What you have to do :: Return the listing exactly, please; no pictures.

──────── Available data ────────

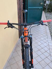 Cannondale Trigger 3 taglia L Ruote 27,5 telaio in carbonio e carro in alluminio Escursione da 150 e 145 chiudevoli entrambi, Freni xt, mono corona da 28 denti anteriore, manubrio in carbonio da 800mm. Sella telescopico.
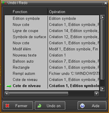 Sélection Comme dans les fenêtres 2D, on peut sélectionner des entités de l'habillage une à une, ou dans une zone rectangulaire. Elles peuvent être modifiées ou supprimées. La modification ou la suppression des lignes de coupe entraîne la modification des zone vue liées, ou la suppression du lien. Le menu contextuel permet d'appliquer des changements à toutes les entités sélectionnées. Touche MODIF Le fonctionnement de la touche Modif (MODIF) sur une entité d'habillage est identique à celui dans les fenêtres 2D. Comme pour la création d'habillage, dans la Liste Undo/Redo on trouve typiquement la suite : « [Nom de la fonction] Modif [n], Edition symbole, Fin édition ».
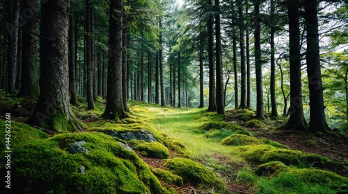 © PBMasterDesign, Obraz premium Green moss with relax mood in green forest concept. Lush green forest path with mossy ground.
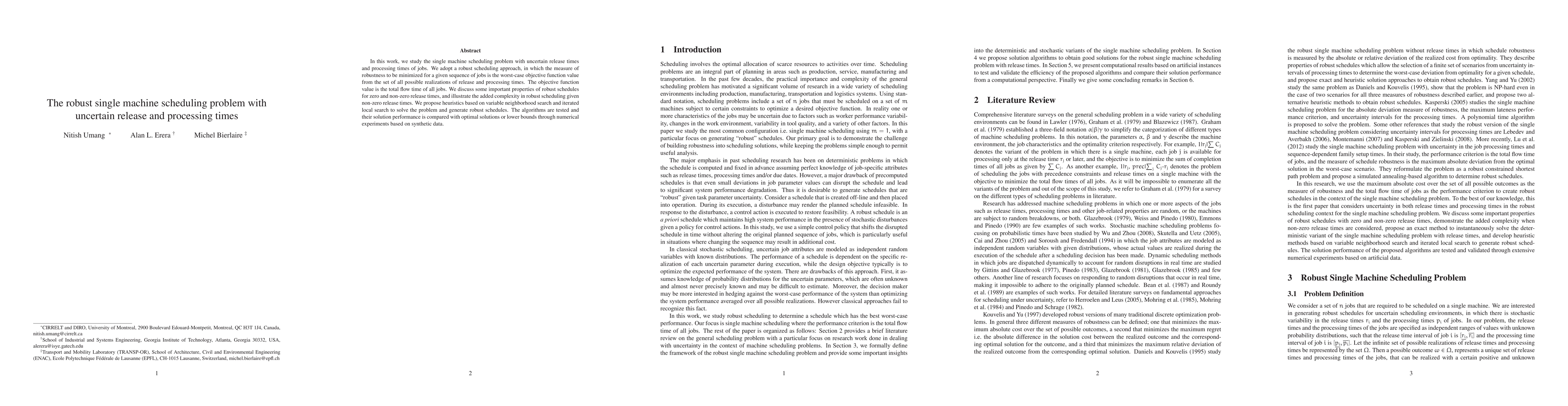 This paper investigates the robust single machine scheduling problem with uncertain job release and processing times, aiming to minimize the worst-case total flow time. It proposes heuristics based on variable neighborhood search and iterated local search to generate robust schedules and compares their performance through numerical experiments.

────────

Response to the exercise ::
 Cannondale Trigger 3 taglia L Ruote 27,5 telaio in carbonio e carro in alluminio Escursione da 150 e 145 chiudevoli entrambi, Freni xt, mono corona da 28 denti anteriore, manubrio in carbonio da 800mm. Sella telescopico.
 Sélection Comme dans les fenêtres 2D, on peut sélectionner des entités de l'habillage une à une, ou dans une zone rectangulaire. Elles peuvent être modifiées ou supprimées. La modification ou la suppression des lignes de coupe entraîne la modification des zone vue liées, ou la suppression du lien. Le menu contextuel permet d'appliquer des changements à toutes les entités sélectionnées. Touche MODIF Le fonctionnement de la touche Modif (MODIF) sur une entité d'habillage est identique à celui dans les fenêtres 2D. Comme pour la création d'habillage, dans la Liste Undo/Redo on trouve typiquement la suite : « [Nom de la fonction] Modif [n], Edition symbole, Fin édition ».
 © PBMasterDesign, Obraz premium Green moss with relax mood in green forest concept. Lush green forest path with mossy ground.
 This paper investigates the robust single machine scheduling problem with uncertain job release and processing times, aiming to minimize the worst-case total flow time. It proposes heuristics based on variable neighborhood search and iterated local search to generate robust schedules and compares their performance through numerical experiments.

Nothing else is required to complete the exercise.